In a book that mixes personal memoir with science lesson, McClintock brings to life a complex and thriving, but ultimately fragile, ecosystem. Who would have known that a cubic mile of Southern Arctic ocean is home to 27 trillion ‘butterflies’ – of the underwater variety, Limacina antarctica.

Like other zooplankton, and the phytoplankton they feed on, and like the larger shrimplike krill, the invertabrates such as giant marine worms and giant squid, the birds, fish, whales, seals and penguins, its habitat, and therefore its survival, is under pressure from the destructiveness of a human civilisation that is largely unaware of its existence.

Through McClintock’s eyes we get a glimpse of life on the brink. We see the kind of research taking place in Antarctica, some of it his own. And we are given the gift of thirty years of study brought to bear on understanding the intimate connections between things. Although he’s not a ‘deep ecologist’ – or indeed an ecologist of any kind – McClintock’s elucidation of how even a minute change in ocean temperature or acidity can throw a vast system into chaos and decline is fascinating.
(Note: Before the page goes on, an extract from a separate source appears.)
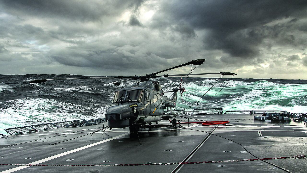 Ein Bordhubschrauber „Sea Lynx“ steht bei schwerer See an Deck der Fregatte „Sachsen“. Foto: Bundeswehr/Jan Pahl

Written with enthusiasm and an eye for detail, and in a way that largely avoids impenetrable jargon, this is an excellent, if ultimately distressing, accounting of the effects of rapid man-made climate change on a unique and irreplaceable wilderness.

Lost Antarctica: Adventures in a Disappearing Land

James McClintock

Palgrave MacMillan

Paperback

£16.99

 

  • This review appeared in Geographical magazine circa December 2012.